GPT-4 Could Turn Work Into a Hyperproductive Hellscape
OpenAI has announced a major upgrade to the technology that underpins ChatGPT, the seemingly magical online tool that professionals have been using to draft emails, write blog posts and more. If you think of ChatGPT as a car, the new language model known as GPT-4 adds a more powerful engine. The old ChatGPT could only read text. The new ChatGPT can look at a photo of the contents of your fridge and suggest a dinner recipe. The old ChatGPT scored in the 10th percentile on the bar exam. The new one was in the 90th. In the hours since its release, people have used it to create a website from a hand-drawn sketch or look through a dating website for an ideal partner.
But this is the fun part of unleashing a powerful language model to the public. The honeymoon period. What are the long-term consequences? OpenAI ( once again) hasn’t disclosed the datasets it used to train GPT-4, so that means researchers can’t scrutinize the model to determine how it might inadvertently manipulate or misinform people. More broadly though, it ushers in a new era of hyper-efficiency, where professionals will have to work smarter and faster — or perish.
There is no better example of this than Morgan Stanley, which has been using GPT-4 since last year. According to an announcement by the bank on Tuesday, Morgan Stanley trained GPT-4 on thousands of papers published by its analysts on capital markets, asset classes, industry analysis and more, to create a chatbot for its own wealth advisers. About 200 staff at the bank have been using it daily, the company said.
‘Think of it as having our Chief Investment Strategist, Chief Global Economist, Global Equities Strategist, and every other analyst around the globe on call for every advisor, every day,” Morgan Stanley analytics chief Jeff McMillan said in an official statement.
But here was the line that really stood out from OpenAI’s own write-up of the case study:
‘McMillan says the effort will also further enrich the relationship between Morgan Stanley advisors and their clients by enabling them to assist more people more quickly.’
How much more quickly? A spokesperson for Morgan Stanley tells me its advisers can now do in seconds what they used to do in half an hour, such as looking at an analyst’s note to advise a client on the performance of certain companies and their shares.
Powerful AI systems like GPT-4 aren’t going to replace large swaths of professional workers, as many have instinctively feared. But they will put them under greater pressure to be more productive and faster at what they do. They will raise the bar on what is considered acceptable output and usher in an era of ultra-efficiency unlike anything we’ve seen before.
That is what partly happened to professional translators and interpreters. As artificial intelligence tools like Google Translate and DeepL grew in popularity among business customers, many translators feared they would be replaced. Instead, they were expected to increase their output.
Before the advent of translation tools, a professional would be expected to translate between 1,000 and 2,000 words a day, according to Nuria Llanderas, who has been a professional interpreter for more than 20 years. “Now they are expected to manage 7,000,” she says. Her industry peers have predicted more AI systems will start supporting them on simultaneous translation, but that could also mean more work for the human translators in practice, checking that the machine’s output isn’t wrong.
It will also raise the bar on the humans’ performance. “With the extra help you have no excuses to leave anything out,” Llanderas adds.

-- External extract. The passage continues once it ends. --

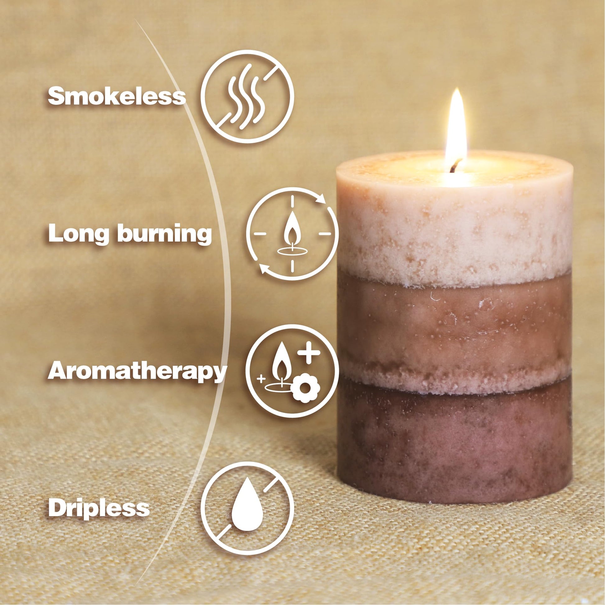 - 【Burning Time】 he size of each aromatherapy pillar wax is 3 x 4 inches, and there are three in total. Each stick burns for up to 35+ hours, for a total of 105 hours per set.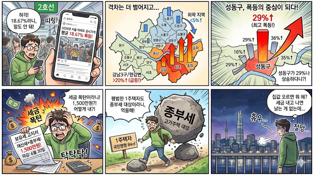 이번에 발표된 2026년 서울 아파트 공시가격은 작년 대비 평균 **18.67%**라는 믿기 힘든 폭등세를 기록했습니다. 이는 전국 평균 상승률을 훨씬 웃도는 수준으로, 서울의 집값 상승세가 얼마나 거셌는지를 단적으로 보여주는 지표입니다.

Much of this is typical of the march of technology. Smartphones allowed us to be connected to work at all times. Slack allowed us to communicate with more people inside a company, more seamlessly. But such tools also kept us further chained to work, squeezing out minutes in the day that workers might have used in the past for contemplation, strategic thinking or just taking a breather.
GPT-4 clearly has the potential to wring more value out of human workers, but it may well come at the cost of our mental energy. However brilliant these models become, watch out for how they might take you a tiny step closer to burnout.